Первое.Просыпаюсь снова по будильнику –
зверски трещит радио и башка.
Немного капает с потолка:
еще вчера крыша была целой,
но мы с Сэмми повздорили ночью слегка.
Натягиваю джинсы, бреюсь и что-то ем,
и снова подправляю границу мелом,
границу круга, где спит весь в белом
мой брат, то есть, в смысле, – брат мой пока.
Пока – никаких проблем.
Конец декабря, сочельник, елки.
В городке – названия не помню толком –
все уже знают: в заброшенный дом
не соваться, там злой мертвец.
Я не очень-то зол и не слишком умер,
я звоню, но слышу я только зуммер,
черт, сними же трубку, тут порой днем
связь бывает в один конец.
Пока – все в порядке, он ровно дышит,
есть время подняться на чердак и крышу
подлатать до следующего раза, пока
он не разозлится слегка.
Снова пора выбираться в город:
бинты на исходе, еда и порох,
и мел заканчивается, зараза,
стоило закупить побольше сразу.
Он больше не просит выпустить его наружу,
он просто смотрит – молча, но в самую душу,
и взглядом дерет не хуже напильника.
Иногда, бывает, и душит.
Говорит он все реже и все короче,
просто: выпусти. Или: ты помнишь, ночью,
той, когда в Хьюго бушевала адская гроза –
было холодно, а потом жарко очень,
помнишь, спрашивает и смотрит в глаза.
А я не хочу помнить и не хочу знать, что ему сказать.
Все обойдется – повторяю,
латая крышу, себя, кресла, стол, кровать,
выбрасываю лишние гильзы и сжигаю на заднем дворе
трупы двух бывших демонов на заре.
Все обойдется –
шепчу, когда он бьется
током, воздухом, огнем, взлетевшим диваном,
когда у меня в голове взрывается новое солнце,
я отхожу и плещу в круг святой водой со скотчем из стакана,
он шипит и ругается, имя мое на всех языках кляня,
потом стоит у самой границы круга,
кусает губы, молчит, а за окном мечется, воет, скулит, беснуется, бросается грудью на стекло вьюга.

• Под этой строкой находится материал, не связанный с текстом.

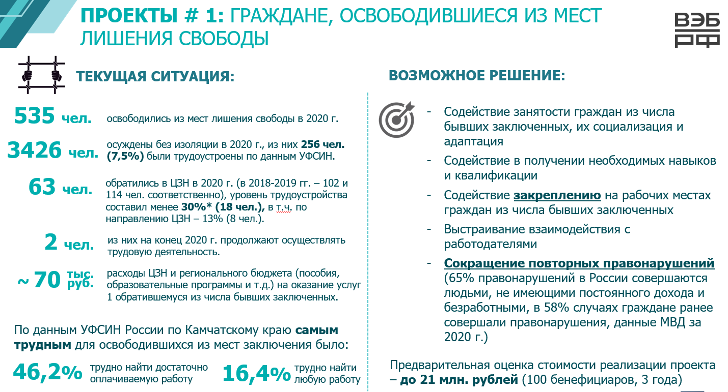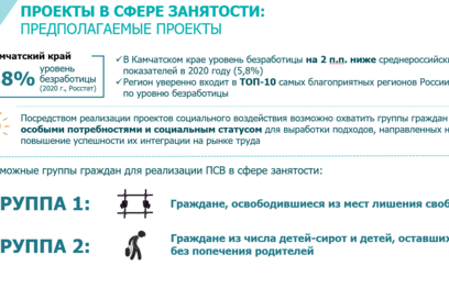 О проекте социального воздействия в сфере занятости, планируемого к реализации в Камчатском крае, сообщила министр труда и развития кадрового потенциала Камчатского края Наталья Ниценко. В качестве социальных бенефициаров согласно проекту предложено определить граждан, освободившихся из мест лишения свободы, и детей-сирот. Выбор данных категорий обусловлен крайне низкой мотивацией к трудоустройству и слабой закрепляемостью на рабочих местах.

Я читаю газету, я делаю вид что не помню, при чем тут Хьюго.
Я читаю газету, а он стоит и читает как газету меня.
Залудил пробоину новой заплаткой,
пятой по счету – пока все в порядке,
с медной кровлей все проще чем с черепицей,
та бы совсем поехала, а без крыши зимой - никуда не годится,
холод и так собачий, особенно по ночам.
На север в трех милях - Нью-что-то, подальше на западе Где-то-таун.
Я часто сижу тут с пивом, отсюда хороший вид,
озеро заледенело, ослепительно ярко блестит,
удобно следить за дорогой, и отдыхать немного,
но порой шумит
и малость шатает, когда он скучает внизу,
вспоминая отца, маму, Джессику, перекрестки и ту грозу.
Последняя чашка разбила окно еще неделю назад.
В стаканах – осадок кофе с остатком виски.
На завтрак он пьет кефир и внезапно отводит глаза,
а Боб Дилан из радио прекращает петь по-английски
и трещит вперемешку с гортанными "аяргаярг".
Я говорю приемнику: сам дурак,
а Сэм смеется.
Я говорю ему: все обойдется.
Мы уже объегорили гончих, мы справимся, да, ведь так?
Он швыряет пакет в окно,
пожимает плечами и говорит: отсюда мне все равно.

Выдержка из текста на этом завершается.